EnzymeAD / Enzyme.jl

Julia bindings for the Enzyme automatic differentiator
https://enzyme.mit.edu
MIT License
437 stars 62 forks source link

Enzyme Crashing, MWE. #1653

Open dleather opened 1 month ago

dleather commented 1 month ago

I'm running Enzyme 0.12.23, EnzymeCore 0.7.7, Linear Algebra 1.5.0, Sparse Arrays 1.10.0 in Julia 1.10.4 on a Windows machine. Without fail Enzyme crashes. I can get Zygote to differentiate the function quickly. I've tried replacing all calls to I() with there explicit matrix form, as well as making Λ non-sparse.

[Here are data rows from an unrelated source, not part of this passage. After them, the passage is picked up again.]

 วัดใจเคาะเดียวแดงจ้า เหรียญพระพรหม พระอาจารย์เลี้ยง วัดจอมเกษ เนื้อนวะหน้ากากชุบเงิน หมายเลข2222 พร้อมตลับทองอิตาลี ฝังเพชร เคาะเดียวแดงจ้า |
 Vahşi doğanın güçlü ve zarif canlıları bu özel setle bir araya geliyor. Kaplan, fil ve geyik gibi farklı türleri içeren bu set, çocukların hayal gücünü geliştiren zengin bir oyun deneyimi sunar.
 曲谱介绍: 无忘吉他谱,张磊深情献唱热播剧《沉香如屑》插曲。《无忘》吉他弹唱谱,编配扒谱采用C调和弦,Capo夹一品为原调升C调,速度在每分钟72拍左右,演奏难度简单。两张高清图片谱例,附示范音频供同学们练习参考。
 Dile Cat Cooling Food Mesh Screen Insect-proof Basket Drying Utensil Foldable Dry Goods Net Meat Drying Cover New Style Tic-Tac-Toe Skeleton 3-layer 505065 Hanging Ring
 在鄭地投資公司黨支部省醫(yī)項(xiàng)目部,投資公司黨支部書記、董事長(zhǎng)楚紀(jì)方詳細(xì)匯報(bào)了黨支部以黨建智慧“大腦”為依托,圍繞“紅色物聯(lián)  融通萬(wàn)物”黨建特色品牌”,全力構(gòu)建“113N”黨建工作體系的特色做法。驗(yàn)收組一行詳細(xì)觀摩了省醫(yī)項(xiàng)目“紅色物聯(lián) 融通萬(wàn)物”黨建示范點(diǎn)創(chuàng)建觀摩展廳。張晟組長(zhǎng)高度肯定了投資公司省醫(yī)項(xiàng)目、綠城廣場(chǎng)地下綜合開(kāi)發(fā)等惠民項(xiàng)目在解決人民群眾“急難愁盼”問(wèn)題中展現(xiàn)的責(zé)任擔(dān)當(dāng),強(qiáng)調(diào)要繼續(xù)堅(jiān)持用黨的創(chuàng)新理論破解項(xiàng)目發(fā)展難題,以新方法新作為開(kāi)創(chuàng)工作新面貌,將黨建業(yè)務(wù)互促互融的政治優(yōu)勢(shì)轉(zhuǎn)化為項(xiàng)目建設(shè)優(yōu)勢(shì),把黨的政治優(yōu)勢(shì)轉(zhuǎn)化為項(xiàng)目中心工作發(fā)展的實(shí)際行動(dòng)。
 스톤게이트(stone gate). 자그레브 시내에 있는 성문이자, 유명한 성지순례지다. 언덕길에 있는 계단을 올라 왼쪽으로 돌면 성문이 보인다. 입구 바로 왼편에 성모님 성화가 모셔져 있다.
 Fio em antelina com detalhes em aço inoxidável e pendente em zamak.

using Enzyme, SparseArrays, LinearAlgebra

function compute_L1(Σ::Matrix{T}, Λ::AbstractSparseMatrix{T}) where T <: Real
    # LHS coefficient from Proposition 3.2
    #   L₁ = [Σ ⊗ (Iₙ² + Λₙ)] ⊗ [vec(Iₙ) ⊗ Iₙ]
    N = size(Σ, 1)
    return kron(Σ, I + Λ) * kron(vec(I(N)), I(N))
end

Λ =  spzeros(4, 4)
Λ[1, 1] = 1.0
Λ[3, 2] = 1.0
Λ[2, 3] = 1.0
Λ[4, 4] = 1.0

Δt = 0.25

function f(θ)
    σ_z = θ[1]
    θ_z = θ[2]
    Ω = [sqrt(((σ_z^2)/(2.0 * θ_z))*(1-exp(-2*θ_z*Δt))) 0.0; 0.0 0.0]
    Σ = Ω * Ω'
    L1 = compute_L1(Σ, Λ)
    return L1[1]
end

θ = [1.0, 0.5]
dθ = similar(θ)
f(θ)
Enzyme.autodiff(Reverse, f, Active, Duplicated(θ, dθ))
wsmoses commented 1 month ago

How does Enzyme crash, can you post the log?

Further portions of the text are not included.